Perhaps this has already been around? I don't know...
Are there any good people-eating cherry trees for central TX? Are there any that are sweet?
Are they invasive?
Cherries
indirt, I've heard of carnivorous plants but not people-eating plants, they sound pretty terrifying! lol
Sorry, I couldn't resist, and I have no idea.
LOL - I had no idea what I was writing! Thanks for clarifying!
A tree nursery owner who is a friend of ours has given up on growing cherries in Central Texas. He thought the roots got too warm and tried deep mulch, but the trees died. My sister had a cherry tree in Amarillo thirty years ago, but I have not seen any others. I think the weather has warmed too much since then. Back then we had four seasons. I don't miss the harsh winters, but I hate the extreme summers.

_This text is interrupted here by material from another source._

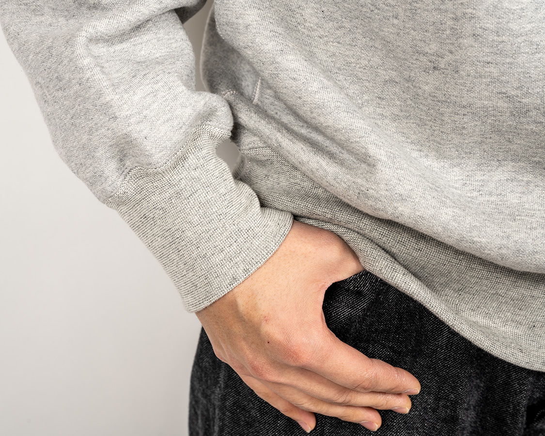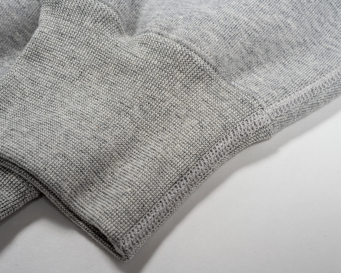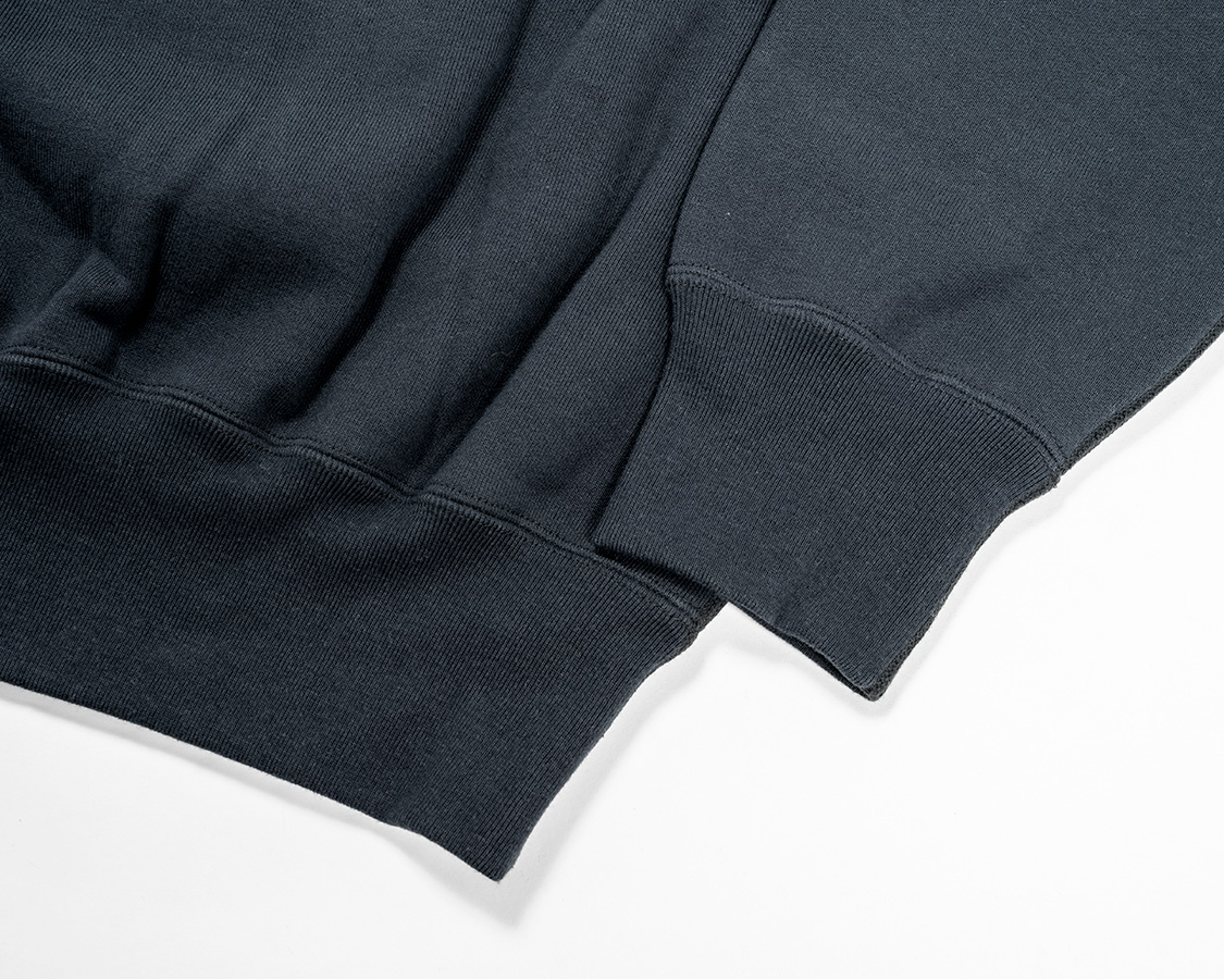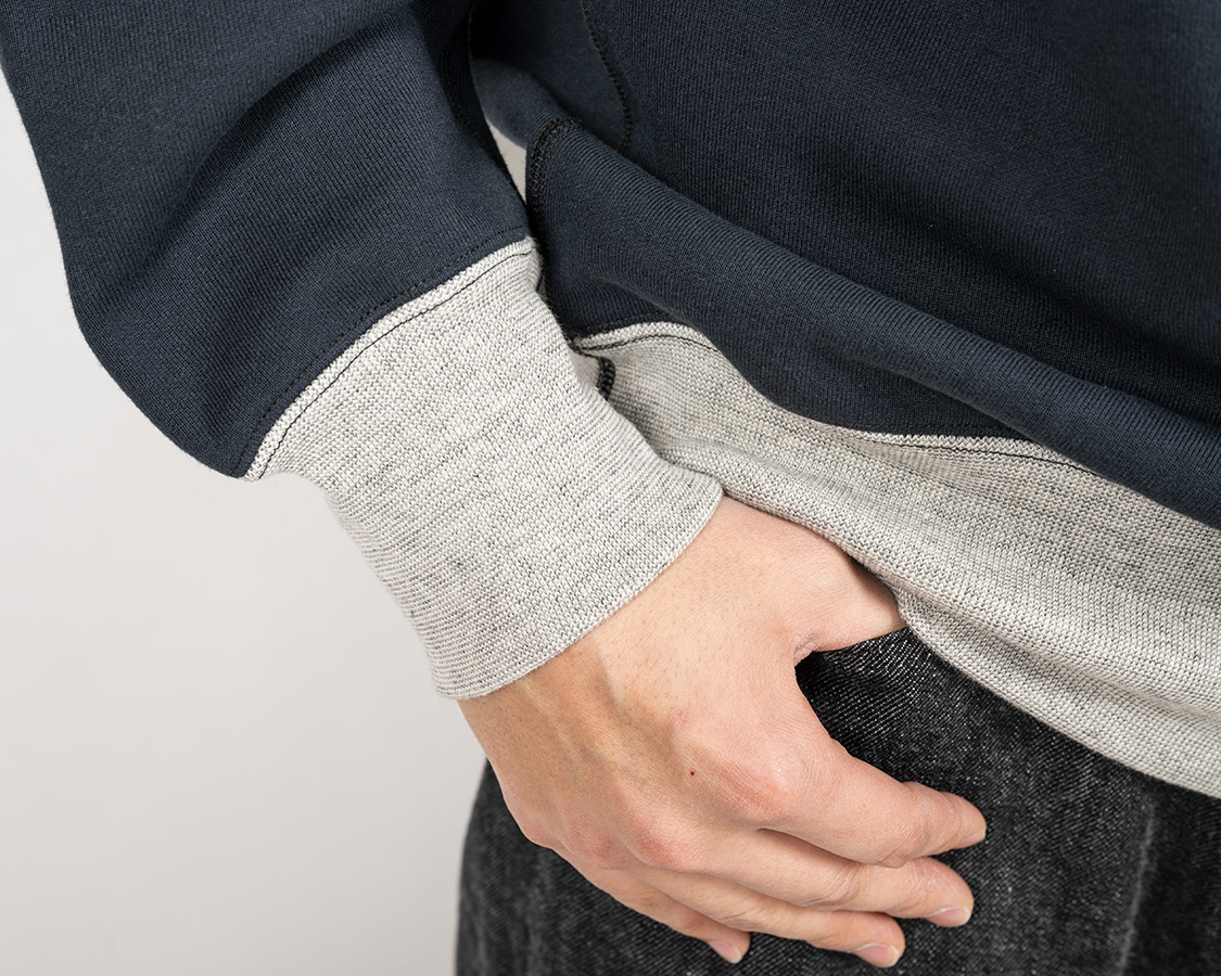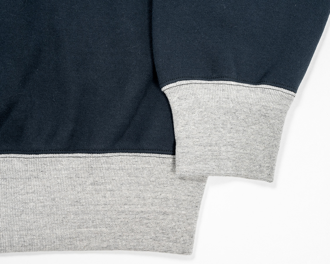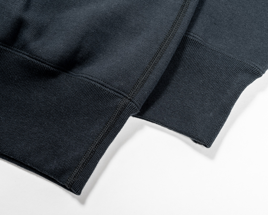 リブも身頃のヘビーオンスに負けない、がっしりした物。袖とリブの取り付けはオーバーロック+またぎ裏振り。リブ、身頃の縫い合わせはフラットシーマー。

Sour (pie) cherries are the only cherries recommended for Texas and only for the most northern part of the Texas Panhandle. The chill hour requirement for sweet cherries is not met in Texas. Sustained cold weather between 32º - 45ºF is difficult to achieve. Prolonged warm spells also throw a monkey wrench in the chill hour calculations. Since the fruit matures in late spring and early summer, chances are that the early blooms would be killed by frost.
Indirt-
I have a big beautiful 'bing' cherry tree. It sets fruit every year, (and then drops it, prematurely).
I thought it was because it got too hot, but then I later learned that it needs another cherry tree's pollen to set (and keep) fruit.
The two cherry trees would have to bloom at, or around, the same time.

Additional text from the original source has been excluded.